## TRY IT
Exactly as written, write out the lines below from the first to the one containing "梵花 天然桃木平安扣吊墜男女平安護身符掛件項鍊", inclusive. Pictures do not belong in the copy.

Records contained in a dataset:
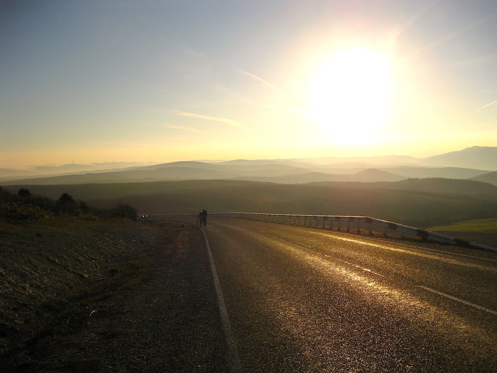 5:30 Тоннельная встретила нас непроглядным туманом срывающимся в дождь и холодным ветром. Впереди нас ждали сплошные спуски в ночи. Ехалось довольно таки комфортно, дорога отличная, машин мало. Единственное на такой скорости пальцы замерзали на глазах) Рассвет мы встречали уже как раз после поворота между поселками Заря и Рассвет))
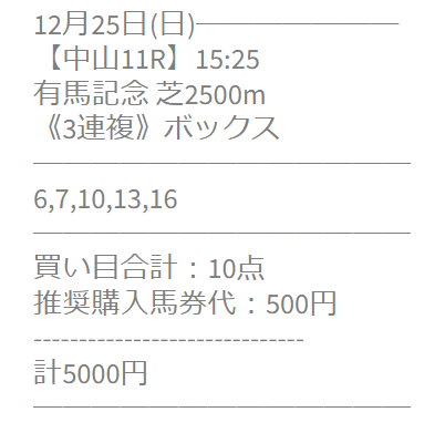 有馬記念の買い目全然だめだったじゃん。
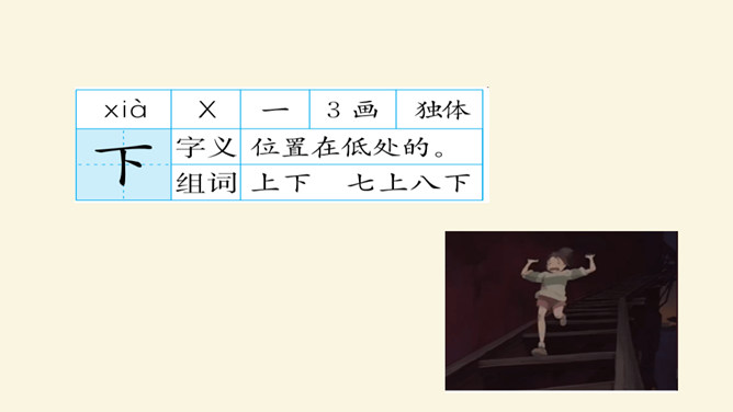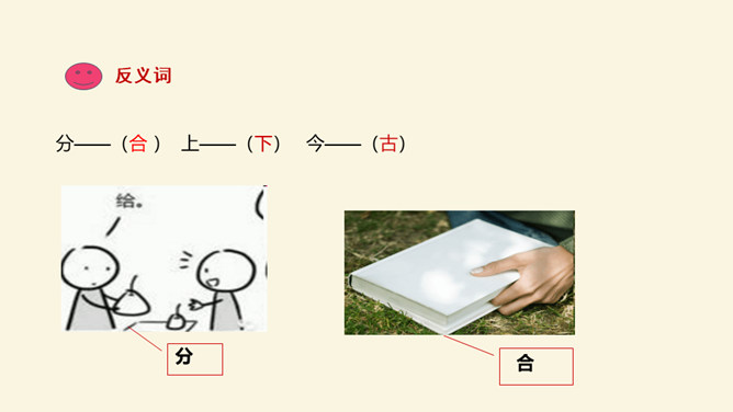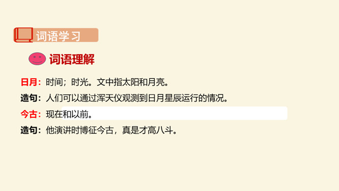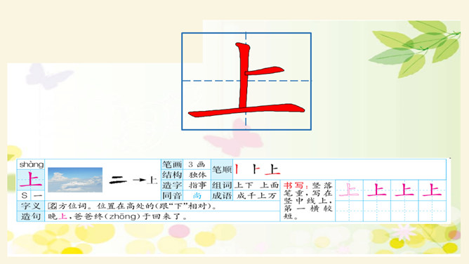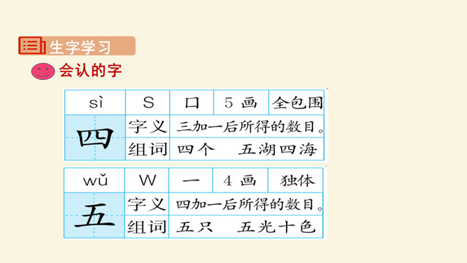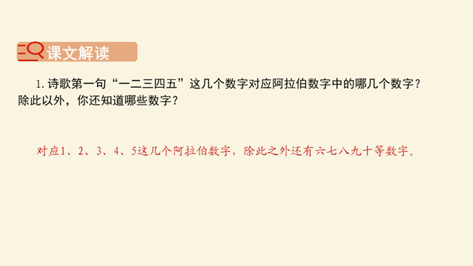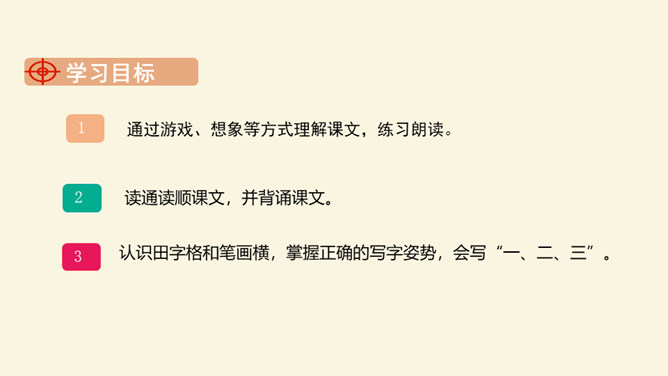 学习目标:通过游戏、想象等方式理解课文,练习朗读。 读通读顺课文,并背诵课文。认识田字格和笔画横,掌握正确的写字姿势,会写“一、二、三”。 词语理解:日月:时间;时光。文中指太阳和月亮。造句:人们可以通过浑天仪观测到日月星辰运行的情况。今古:现在和以前。造句:他演讲时博征今古,真是才高八斗。诗歌第一句“一二三四五”这几个数字对应阿拉伯数字中的哪几个数字?除此以外,你还知道哪些数字?所属专题:金木水火土ppt。
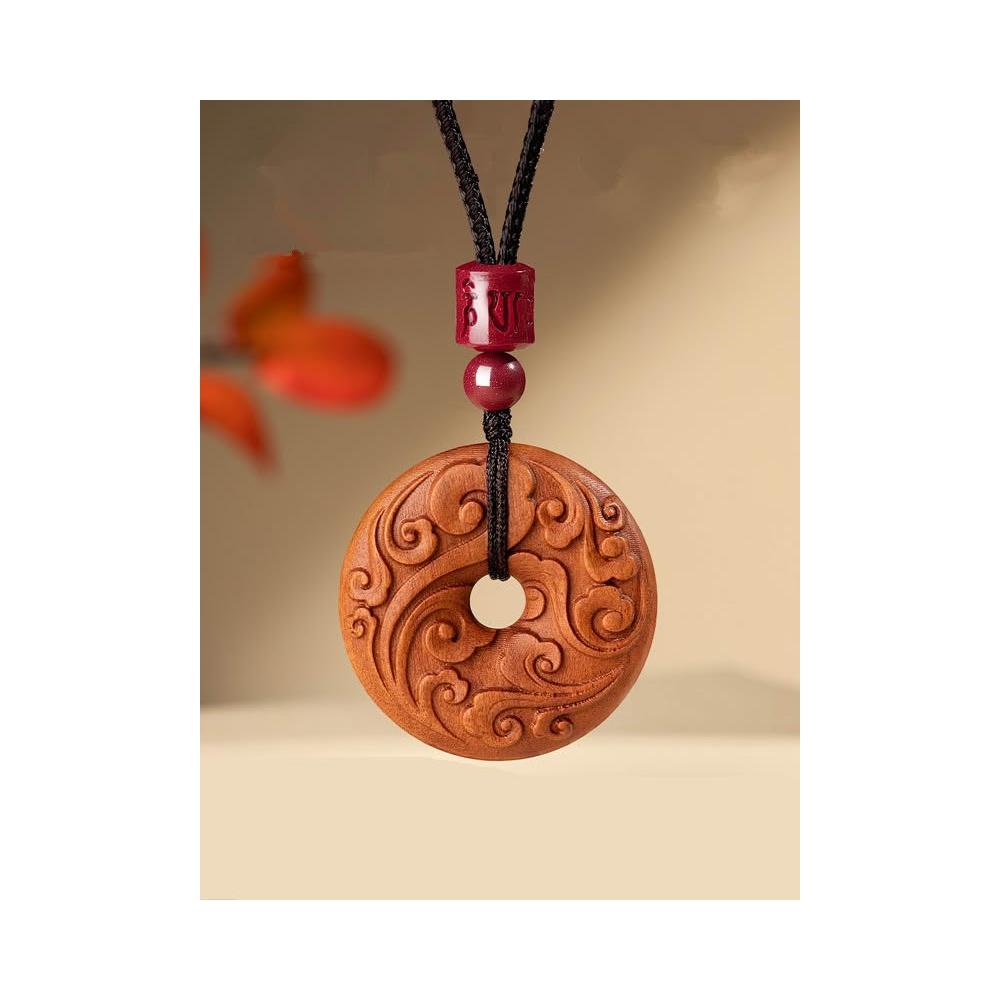 梵花 天然桃木平安扣吊墜男女平安護身符掛件項鍊
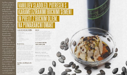 Vanja Mramor je diplomirana ekonomistka, pokuševalka vin, mošta in drugih izdelkov iz grozdja, ocenjevalka, sommeliejka prve stopnje, ki je našla izzive v kulinariki in promociji kakovostne kulinarike skozi druženje jedi in vina. Organizatorka in moderatorka Vanjinih vinskih mnogobojev – družabnih dogodkov, vecerij, na katerih ljubiteljski poznavalci ali popolni laiki raziskujejo kombinacije hrane in vina ter pivoznanske razlicice – Vanjinih pivoznanskih mnogobojev, organizatorka in moderatorka razlicnih kulinaricnih delavnic tako za otroke kot odrasle, piše in ureja kulinaricni blog www.mmm.vanja.si. S svojimi delavnicami redno sodeluje na domacih kulinaricnih VANILIJEV SLADOLED, POTRESEN KARAMELIZIRANIMI BUČNIMI SE IN PRELIT Z BUČNIM OLJEM, NA POMARANČNI OMAKI ZA PRIPRAVO TE IZVRSTNE SLADICE POTREBUJETE: SERVIRANJE: • vaniljev sladoled, najboljši tisti, s pravo burbonsko vaniljo • (če imate voljo in čas, si ga lahko naredite tudi sami) • 6 večjih pomaranč • 2 dcl vode • 1 žlica sladkorja • 1 žlica pomarančne marmelade • 10 dag bučnih semen • bučno olje V skodelico damo malo pomarančne omake, nanjo zvrnemo kepico sladoleda, ki pa naj bo že bolj mehek (in ne neposredno iz zamrzovalnika). Sladoled potresemo z zdrobljenimi ohlajenimi karameliziranimi bučnimi semeni in prelijemo s par kapljicami bučnega olja. Po želji lahko okrasimo s koščki pomaranče, ki smo jih prej posušili v pečici (znotraj so še vedno sočne, zunaj pa posušene). POMARANČNA OMAKA: Pomaranče operemo in na tanko olupimo. Olupke damo v lonec z vodo in jih kuhamo približno 15 minut. Vodo odlijemo. Postopek ponavljamo toliko časa, da je voda, ki jo odlivamo čista (cca šestkrat oz. bolje večkrat kot premalo). jedmi in izbranimi vini. Opravila Olupljenim pomarančam dodamo vodo, sladkor in pomarančno marmelado (če nimamo marmelade, damo nekoliko več sladkorja). Na počasnem ognju kuhamo toliko časa, da se sok zreducira (cca uro in pol). V kuhan sok vmešamo na drobno narezane kuhane pomarančne olupke, vse skupaj še nekaj časa kuhamo, nato pa dobro ohladimo. Najbolje, da je omaka čez noč v hladilniku. delavnic, se sukala, in se še KARAMELIZIRANA, MLETA, SUHO PRAŽENA BUČNA SEMENA: in vinskih festivalih kot tudi v raznih delovnih skupinah, kjer se izbirajo kombinacije med je vec raznih kulinaricnih vedno suka, med lonci v bolj in malo manj bolj znanih gostilnah in restavracijah. Kontakt: vanjinvinskimnogoboj@gmail.com Bučna semena stresemo na ponev in jih suho prepražimo. Ohlajena zmeljemo v možnarju in jih na hitro karameliziramo z malo sladkorja. Med praženjem ves čas mešamo. Karamelizirana semena na tanko razporedimo na s peki papirjem obloženo ravno površino (deska, pekač, p ladenj ...) in ohladimo. IN ŠE VINO, KI GA BREZ KAKRŠNIHKOLI ZADRŽKOV PRIPOROČAM POLEG: Glede na to, da je sladica pripravljena s Štajerskim pridihom, sem se seveda osredotočila na štajerska, oz. prleška vina. Tokrat vam predlagam dve izmed njih, bi pa prav gotovo našla še kakšnega, ki bi se odlično ujel s to sladico: Muškat Otonel – jagodni izbor, 2009, Vino Kolarič, Štajerska Slovenija Laški rizling Holermuos, pozna trgatev, 2006, Jeruzalem Ormož, Štajerska Slovenija Poskusite in se prepričajte sami. Po besedah tistih, ki so kombinacijo že preverili, vam ne bo žal ...
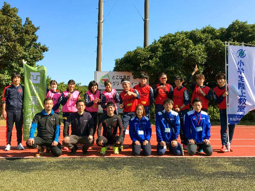 指導に当たったのは陸上競技部の10名。将来、保健体育の教員を目指す心身マネジメント学科の学生が中心となり、参加した児童78名をグループ分けして指導にあたりました。
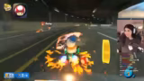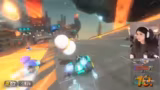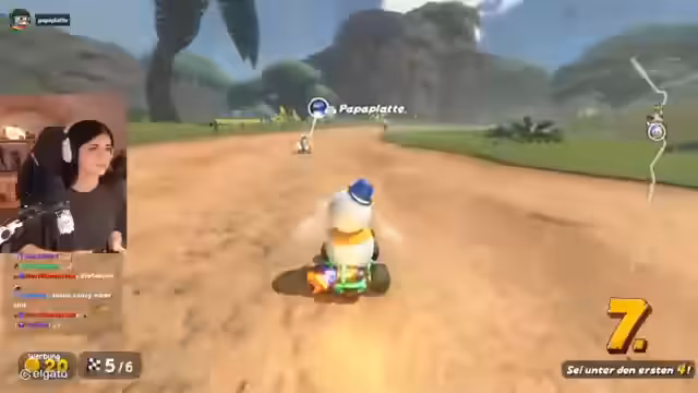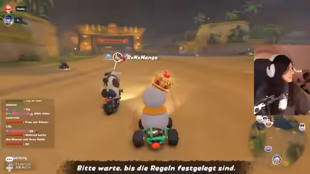 00:32:22Nachdem sich alle gefunden haben, beginnt das erste Rennen im klassischen Mario Kart-Stil. Die Spieler fahren gegen computergesteuerte Gegner auf einer überarbeiteten Strecke. Der Streamer ist von der Grafik und der Darstellung begeistert, findet aber die Steuerung zunächst gewöhnungsbedürftig, insbesondere den Drift-Modus. Während des Rennens werden häufige Positionwechsel und verschiedene Item-Uses kommentiert. Die Runde endet für den Streamer eher unbefriedigend auf einem hinteren Platz, woraufhin die Einstellungen und das Gameplay für die nächste Runde kritisch hinterfragt werden.

## ANSWER SECTION
 5:30 Тоннельная встретила нас непроглядным туманом срывающимся в дождь и холодным ветром. Впереди нас ждали сплошные спуски в ночи. Ехалось довольно таки комфортно, дорога отличная, машин мало. Единственное на такой скорости пальцы замерзали на глазах) Рассвет мы встречали уже как раз после поворота между поселками Заря и Рассвет))
 有馬記念の買い目全然だめだったじゃん。
 学习目标:通过游戏、想象等方式理解课文,练习朗读。 读通读顺课文,并背诵课文。认识田字格和笔画横,掌握正确的写字姿势,会写“一、二、三”。 词语理解:日月:时间;时光。文中指太阳和月亮。造句:人们可以通过浑天仪观测到日月星辰运行的情况。今古:现在和以前。造句:他演讲时博征今古,真是才高八斗。诗歌第一句“一二三四五”这几个数字对应阿拉伯数字中的哪几个数字?除此以外,你还知道哪些数字?所属专题:金木水火土ppt。
 梵花 天然桃木平安扣吊墜男女平安護身符掛件項鍊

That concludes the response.